If that looks like a computational expression in a programming language, that's because it is. Don't worry, it's not something you are expected to write yourself, these expressions are created from the package definitions written in a more user-friendly syntax called "Nix expressions", which is very well documneted in the Nix documentation.. The expression shown above defines how to make (or "realise" in Nix jargon) the derivation /nix/store/s9qgdh7g22nx433y3lk62igm5zh48dxj-zlib-1.2.6.tar.gz, which is a rather simple one because the file is simply downloaded and verified for a known checksum. But even such a simple derivation has dependencies: the "standard environment" stdenv and the list of download mirror sites, mirrors-list.

It's time to say something about those funny 32-character prefixes in all the file names in the Nix store. You may have noticed that the zlib file list above contains two entries for zlib-1.2.6.drv that are identical except for this prefix. It looks as if the prefix is there to distinguish things that would otherwise be identical. This is true, and the information encoded in the prefix (which is a hash code) is the complete set of dependencies. The two zlib derivations differ in the version of the standard environment they were built with. I have both of these in my Nix store because I have played around with different releases of Nixpkgs. Nix really tries to keep track of every single dependency, including the exact versions of the various tools (mainly compilers) that were used in building a binary installation. That means you can keep lots of different versions of every single item on your system at the same time, and trace back exactly how they were built. You can also send a copy of the relevant derivation files (those with the .drv extension) to someone else, who can reproduce the exact same environment by "realising" those derivations again.

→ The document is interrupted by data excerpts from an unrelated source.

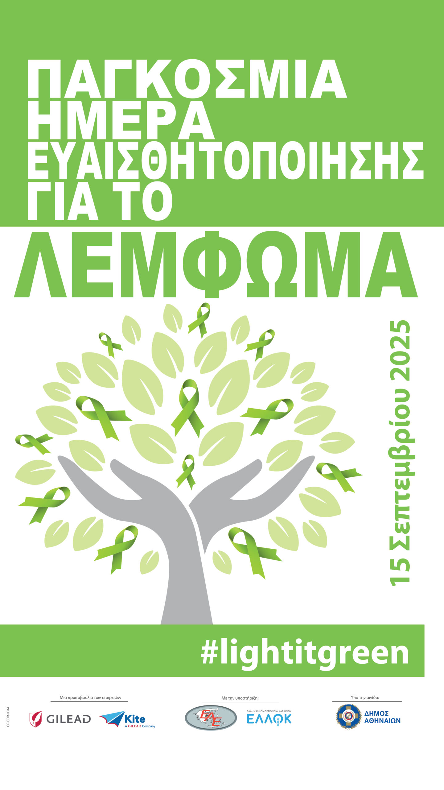 Με αφορμή την Παγκόσμια Ημέρα Ευαισθητοποίησης για το Λέμφωμα, η Gilead Sciences, σε συνεργασία με την Ελληνική Αιματολογική Εταιρεία και την Ελληνική Ομοσπονδία Καρκίνου (ΕΛΛΟΚ), και με την αιγίδα του Δήμου Αθηναίων, υλοποιεί για μία ακόμη χρονιά την εκστρατεία ενημέρωσης και ευαισθητοποίησης «Light It Green».
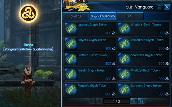 หรือหากมีคะแนน Vanguard Points มากพอ ก็สามารถนำไปแลก Glyph Token ได้ [NPC: Sionne] ได้ที่เมือง Highwatch เช่นกัน
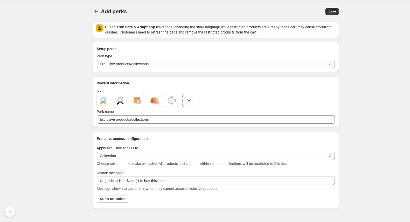 4. In **Perk type**, choose **Exclusive products/collections**.
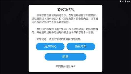 1、下载安装本站提供的酷狗音乐车机版2024最新版,进入软件后需要同意用户协议;
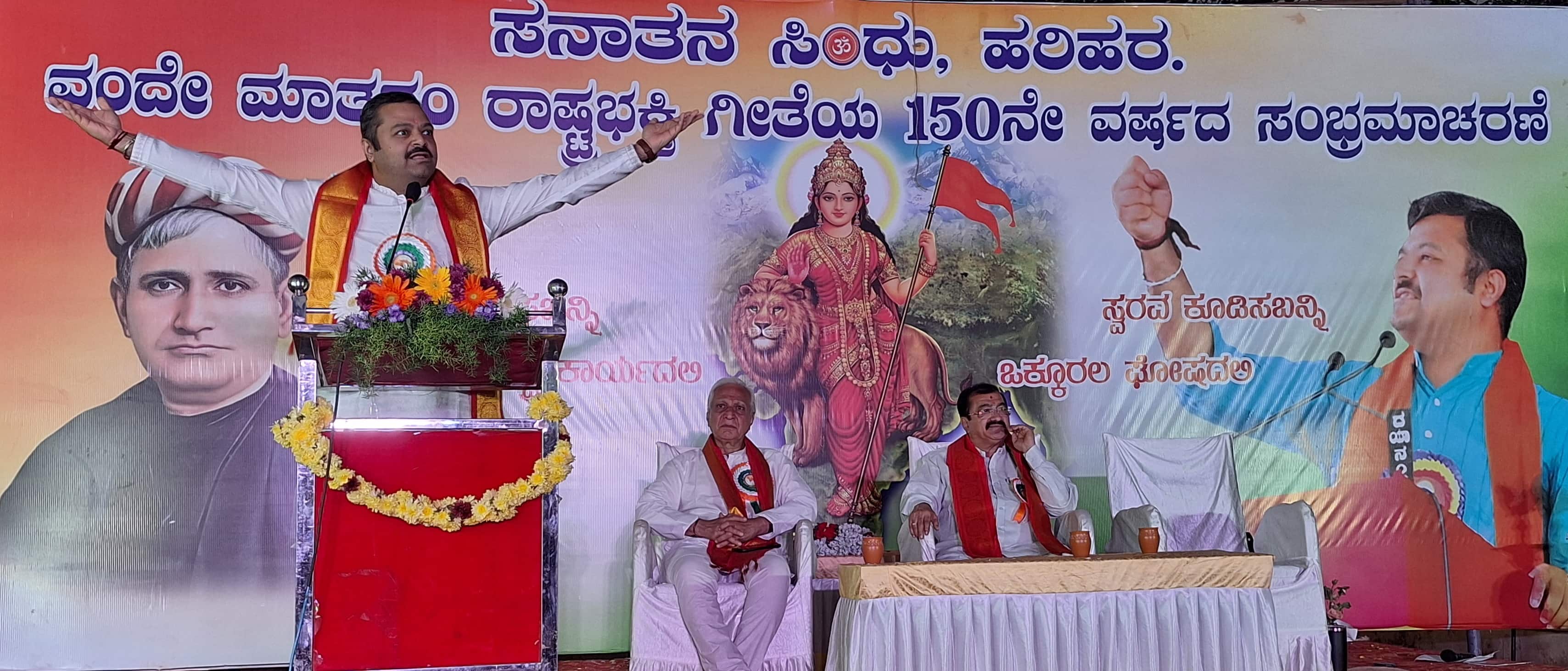 150 ವರ್ಷಗಳ ಹಿಂದೆಯೇ ಭಾರತೀಯರನ್ನು ಒಂದೇ ಭಾವನೆಯಲ್ಲಿ ಕಟ್ಟಿದ ವಂದೇ ಮಾತರಂ, ಇಂದಿಗೂ ಅದೇ ಶಕ್ತಿಯನ್ನು ಹೊಂದಿದೆ. ಭಾಷೆ, ಜಾತಿ, ಮತಗಳ ಭೇದ ಮರೆಸಿ ‘ನಾವು ಭಾರತೀಯರು’ ಎಂಬ ಭಾವನೆ ಮೂಡಿಸುವ ಸಾಮರ್ಥ್ಯ ಈ ಗೀತೆಗೆ ಇದೆ. ಅದಕ್ಕಾಗಿಯೇ ವಂದೇ ಮಾತರಂ ಕೇವಲ ಇತಿಹಾಸವಲ್ಲ; ಅದು ಇಂದಿಗೂ ಜೀವಂತ ರಾಷ್ಟ್ರಚಿಂತನೆಯ ಧ್ವನಿಯಾಗಿದೆ ಎಂದರು.ಶಾಸಕ ಬಿ.ಪಿ. ಹರೀಶ ಪ್ರಾಸ್ತಾವಿಕವಾಗಿ ಮಾತನಾಡಿದರು. ಸನಾತನ ಸಿಂಧು ಹರಿಹರ ಅಧ್ಯಕ್ಷರಾದ ಡಾ. ಆರ್.ಆರ್. ಖಮಿತ್ಕರ್, ಸದಸ್ಯರಾದ ನ್ಯಾಯವಾದಿ ವೀರೇಶ ಅಜ್ಜಣ್ಣನವರ, ಖಜಾಂಚಿ ಪ್ರಕಾಶ ಕೋಳೂರು, ಅಭಿಯಂತ ಶಿವಪ್ರಕಾಶ ಶಾಸ್ತ್ರಿ, ಕಾಂತರಾಜ, ಸುಂದರೇಶ ಇದ್ದರು. 155 ಮಹಿಳೆಯರು ಸುಮಧುರ ಕಂಠದಿಂದ ವಂದೇ ಮಾತರಂ ಗೀತೆಯನ್ನು ಹಾಡಿದರು. ಪೊಲೀಸರು ಬಂದೋ ಬಸ್ತ್ ಏರ್ಪಡಿಸಿದ್ದರು.

With so many zlibs floating around, which one does Nix use when you ask it to install some application that uses zlib? The one you specify. When some application requires zlib as a dependency, you have to tell Nix exactly which zlib derivation you want to be used. You don't normally do this manually for every single build (though you could), you'd rather use a coherent set of package definitions (such as Nixpkgs) that specifies all the interdependencies among hundreds of packages. The package definitions take the form of "Nix expressions", which are written in a language specifically designed for this purpose. Files containing Nix expressions have the extension .nix. Since the language is rather well documented in the Nix manual, I won't say any more about it here. A good starting point is to explore Nixpkgs. It helps to know that the central file is pkgs/top-level/all-packages.nix. This file imports the definitions of individual packages from their respective packages and makes a consistent package collection from them. When you build a particular derivation from Nixpkgs, only the packages listed explicitly as its dependencies are available in the build environment that is set up specifically for this build operation. No "default library" (such as /usr/lib) is used at all.

There is one more layer to Nix, whose role is twofold: making it convenient for users to work with programs installed through Nix, and pemitting to remove packages that were installed but are no longer needed.
Let's start with the second aspect because it is the simpler one: packages can be removed as soon as nobody needs them any more. This requires a way to figure out which packages are still needed. Obviously the packages that some user on the system wants to access are "needed", and that's why cleanup is related to user profiles which I will cover in a minute. The remaining needed packages are the dependencies of other needed packages. So once we know the packages that all users put together request to use, we can figure out which packages can safely be deleted. This clean-up operation is called "garbage collection" and handled by the command nix-store --gc.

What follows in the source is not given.